I cannot stress enough how important talking to someone is when you are not feeling great mentally. Most of the trauma I have experienced in my life came from trying to be strong, not wanting to appear mad, or just having no one I felt I could talk to.

Ultimately, it doesn’t matter who you end up talking to, just that you TALK!

Stirling University recognises how important it is to have someone there to offer a listening ear. I have been using the Mental Health Mentor service since I started studying at Stirling and, for me personally, it has been invaluable.
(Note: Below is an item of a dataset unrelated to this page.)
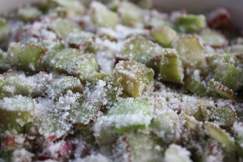 I was actually going to make a rhubarb crisp, and covered the sliced stalked with sugar and set it in the fridge until later. Later never came. Well, it came – but, waaay later! A week later, at least.

Just having a non-judgmental ear to talk to when I am overwhelmed, which happens a lot when you have autism, or just when you have had a bad week and are struggling.

It’s not always as easy to speak to friends and family when you are having thoughts that scare you, sometimes you don’t want to worry them, sometimes you don’t want the sympathy they will want to give, and sometimes you don’t want people seeing a different version of yourself that you struggle so hard to hide.

Mental health conditions have long been misunderstood and stigmatized but the only way we can ever change that is by talking about them, by not being ashamed of ourselves, and by realizing that the stigma is born from ignorance. We all have a responsibility to ourselves and others to speak out if we are able, and if that makes even one person feel less alone, then that’s a job well done.